With all the talk about Detroit’s path into bankruptcy court, some people have been asking why hasn’t Flint gone the same route?
Like Detroit, Flint’s city finances have been a mess for a long time.
Governor Snyder not only appointed an emergency manager to run Flint, he did so more than a year before he appointed one in Detroit.
So why is it that Flint, a city with many of the same problems as Detroit (huge legacy costs, declining property values, a massive deficit .and a looming structural deficit threatening to add millions of dollars of red ink) isn’t also declaring bankruptcy?
Flint Emergency Manager Mike Brown says the city doesn’t have to.
“Flint is on a different path from Detroit,” Brown said during a recent news conference, “And we believe we’ve got a path toward solvency.”
Flint’s financial woes are nowhere near as bad as Detroit’s. Flint’s deficit is a much smaller percentage of its annual budget.
Also, while much of Detroit’s debt is owed to private lenders, Flint mainly owes its debt to the state.
In the nearly two years since Mike Brown was first appointed emergency manager, Flint has been cutting employees, raising fees and outsourcing city services, all in an effort to bring the city’s financial crisis under control.
Chris Douglas is an economist at the University of Michigan Flint. He says it’s possible if Flint can continue to hold the reins on spending it may just be able to avoid bankruptcy. But Douglas says Flint leaders are walking a fine line.
“If you cut city services, like police…fire…which are already kind of shaky in Flint…public parks, that just further erodes the tax base because it gives residents that much more incentive to leave,” says Douglas.
And while the city ended last year with a balanced budget and hopes to again this year, city officials warn the loss of federal grant funding and other problems threaten to stick the city with two to three million dollars a year in structural budget deficits beginning in the 2015 fiscal year.

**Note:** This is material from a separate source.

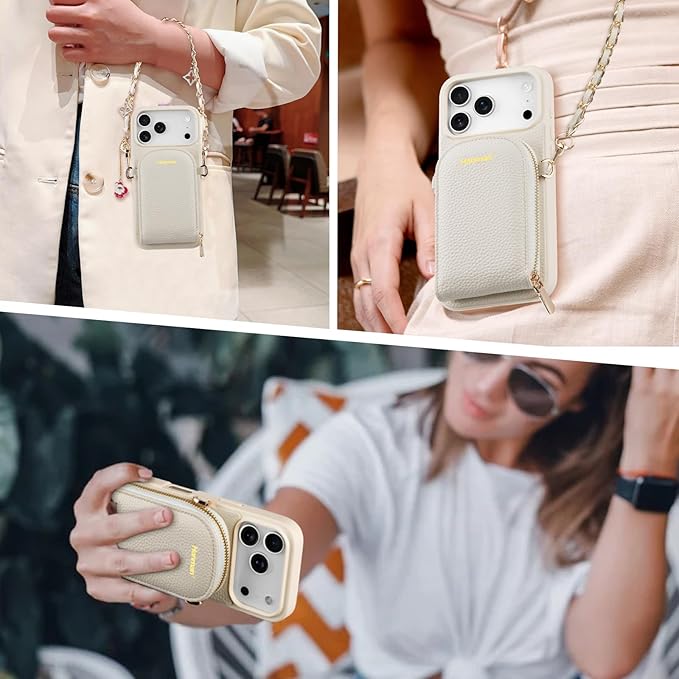 Hanman クロスボディウォレットケース と互換性のあるiPhone 17 Pro Max,取り外し可能なストラップとブレスレット付き,札入れ2つ、カードスロット4つ付き-ベージュ

Flint leaders say a boost in the city’s income tax rate could close that gap, but they’ll need to have the legislature and city voters sign on first. A vote may not come until next year.
And then there’s legacy costs. Flint leaders are fighting a legal battle with city retirees over health care coverage. The city wants retirees to pay substantially more for the coverage, including a big increase in deductibles and co-pays. The retirees have been winning in court against the changes.
“If we were to lose in the retiree health care suit, we’ve said that’s a ‘game changer’ for us. We would have to find another path,” says Jerry Ambrose, Flint’s finance director, “The size of that into the future will be too great for us to bear.”
Bankruptcy court may be Flint’s only option to reduce its retiree health care costs.
So it’s still possible that Flint may find its way to bankruptcy court. But before city officials take that step, they may want to see how Detroit finds its way out of bankruptcy.